Не стану описывать все эти скучные процедуры, капельницы и прочую ерунду, при помощи которой люди в белых халатах пытались спасти мою жизнь. В общем-то, им это удалось – молодцы. Перейду-ка я непосредственно к нашему с ней первому разговору. Произошел он утром второго дня после моего поступления в больницу. Почувствовав на себе ее взгляд, я повернул голову и спросил:
- Вы что-то хотели? – она продолжала смотреть на меня, но отвечать не спешила. Я было подумал, а не умерла ли она, но когда я был в мгновении от того, чтобы окликнуть медсестру, женщина подала голос:
- Знаете, у вас очень красивые черты лица.
Я, признаться, опешил, ибо ожидал от нее чего-нибудь другого. Чего? Не знаю, но точно не этого.
- Простите, что?
- Ваше лицо. Мне нравятся его черты.
- Женщина, я слишком стар. У меня более нет лица – только одна сплошная морщина.
- Вы заблуждаетесь – я вижу вас молодым. Кстати говоря, вы – мой типаж. При других обстоятельствах я бы пригласила вас в парк на эскимо.
Хотите знать, что было дальше? Я расхохотался – вот что. Ну не потеха ли? В парк! На эскимо!
- Вы находите это смешным?
Я тут же перевёл дух и постарался совладать с собой – мне не хотелось произвести на эту милую женщину дурное впечатление, и приказал себе прогнать вон свой неприличный хохот.
- Лет сто не баловал себя эскимо. Признаться, я думал, что его уже не выпускают.
- Что вы, что вы! Ныне в магазинах полно всякого мороженого – в том числе и эскимо, однако оно уже, откровенно говоря, совсем не то, что было в дни моей юности.
Мне казалась немного странной тема нашей беседы, так что я как-то и не нашел что ответить. Пауза затянулась, знаете, как это бывает – до невозможности, и я начал немного теряться. Честно говоря, я не считал себя хорошим собеседником – в последние годы я почти не практиковался в разговоре. Я дал себе установку спросить у нее хоть что-нибудь – задать самый примитивный, мелкий, ничего не значащий вопрос, до ответа на который мне совсем нет дела. Шквал мыслей набросился на меня, и я из последних сил пытался напрячь свои хилые извилины, дабы нарушить эту неуютную, раздражающую тишину.
Имя! Я не знал ее имени – отлично. Прекрасный вопрос! С моих уст не успело сорваться ни звука – женщина опередила меня и заговорила вновь:
- Почему вас определили в эту палату? Я нисколько не ожидала иметь каких-либо соседей, и уж тем более мужчину.
Я поспешил ответить:
- Дело в том, что это единственная палата, где для меня нашлось место. Знаете, больница маленькая, так что мне стоит быть благодарным и за это. Надеюсь, вас не смутит моё общество?

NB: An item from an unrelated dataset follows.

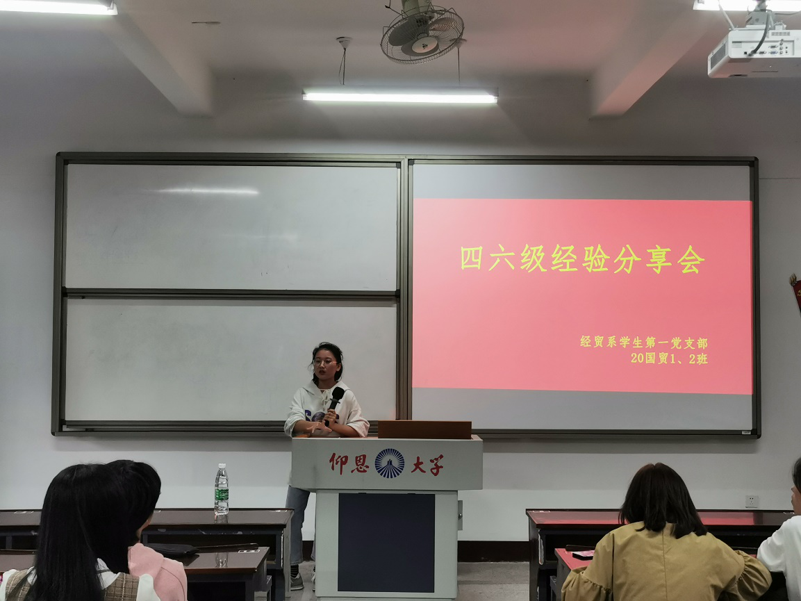 10月15日,为帮助20级新生了解并学习有关英语四六级考试内容与技巧,yl23411永利集团经贸系学生第一党支部于仰恩楼A1-109室开展“英语四六级”经验分享会。本次参会人员有经贸系学生第一党支部书记林丽华、18级特邀优秀学生以及20级国贸全体新生。

- Я ведь сказала, что вы в моём вкусе, из чего следует, что ваше общество мне крайне приятно.
Я не придумал ничего иного, кроме как произнести неуклюжее «спасибо». На сей раз новой мучительной паузы не последовало. Женщина продолжила:
- А ведь это я должна вам быть благодарна. Меня держат здесь уже неделю, и всё это время, все эти долгие, не имеющие конца дни, я просто умирала от скуки. Забавно получается: инфаркт не погубил, а скуке почти удалось.

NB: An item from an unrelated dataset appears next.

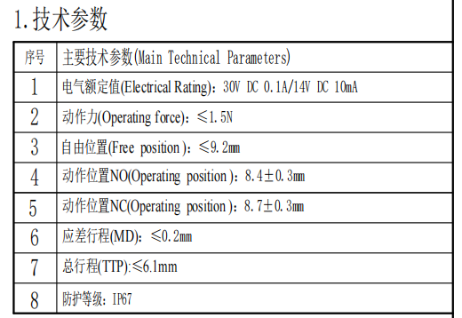 1 | လျှပ်စစ်အဆင့်သတ်မှတ်ချက် | 10VA 14V DC / 0.1A 30vdc | |

- Что же это выходит, вас совсем никто не навещает?
- Так у меня никого и нет. Никогошеньки, окромя сестрицы, у которой я мешкаю.
- И вашей сестре нет дела до вас?
- О, я уверена, что она счастлива вдохнуть сладостный аромат свободы – ведь пока я здесь околачиваюсь, квартира вся в её распоряжении – она там одна, ей там хорошо. В этом плане мы с ней совершенно разные: она счастлива быть одной, а мне в радость с живой душой потолковать. Пусть даже с ней, хоть она и не шибко любит общаться.
- Хм, любопытно. Ей на вас, откровенно говоря, плевать, а вы о ней говорите с такой теплотой в голосе.
- А как иначе? Я люблю её, даже несмотря на все нехорошие вещи, что я от нее натерпелась.
- Нехорошие вещи? Какие это нехорошие вещи?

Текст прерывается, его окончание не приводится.